Gen X & Y – not your father’s millionaires.
Posted On October 24, 2013
Every year, Fidelity Investments publishes its Millionaire Outlook survey, which analyzes the investing attitudes and behaviors of millionaires. And while the Millennials (or Gen Y as the survey refers to them) are not having the easiest time right out of the college gates, they do have some showing among the young millionaire ranks.
Interestingly enough, the study groups Gen X and Gen Y collectively as “young millionaires” with investment traits significantly different than the Boomer+ millionaires. It is sometimes thought that class, or privilege, trumps the generational norms. That is, individuals at the far ends of the socioeconomic spectrum are less affected by the societal trends that create generational norms. Their behavior, collectively, is more consistent year over year. By identifying discrepancies between older and younger millionaires, this survey opens up some conversation and question around those assumptions.

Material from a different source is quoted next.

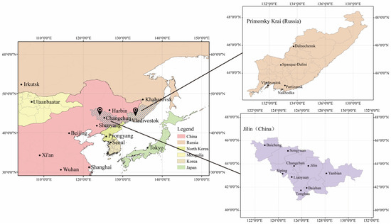 Jilin is a province of the People’s Republic of China (Figure 1). It is located near the sea and shares borders with Primorsky Krai (Russia) and North Korea. This makes it a good place for international trade and exchange. Jilin’s long-established industrial bases have an opportunity to reboom, especially with its well-developed processing and manufacturing industry. Jilin is also an important place for producing grains for the whole country. It is in the world-famous “Golden Corn Belt” and “Golden Rice Belt”. Jilin is the leading corn exporter in the whole country. In terms of international trade and economic cooperation, Jilin has officially established ties with 155 countries and regions around the world, and 89 of the world’s top 500 multinational companies have ventures in Jilin. Since the developing and opening-up strategy of the Changchun–Jilin City–Tumen pilot area was put into place, the international road transportation network has started to take shape. This network connects Russia and North Korea and spreads out to Northeast Asia. Jilin is in the geographic center of Northeast Asia and has the best conditions for cooperation with other Northeast Asian regions. Therefore, Jilin potentially dominates the cooperation between China and Russia in the region and, of course, is the best counterpart of Primorsky Krai.

The survey also provides some insight for those seeking to serve the next generation of wealth accumulators. The good news for financial advisors is that 61% of young millionaires are willing to seek the guidance of others and they are active, interested investors. Despite the increasing accessibility of self-directed investing through online trading companies, the individuals who already have investable assets are still interested in relationships and actively managed accounts. In fact, because many of these young millionaires got their start through inheritances and most are planning to continue that tradition, and the support of a strong, family-oriented advisor may well become a decades-long client relationship. They may not have the overall assets of the Boomer millionaires, but today’s young millionaires plan to work hard for their money and make their money work hard for them.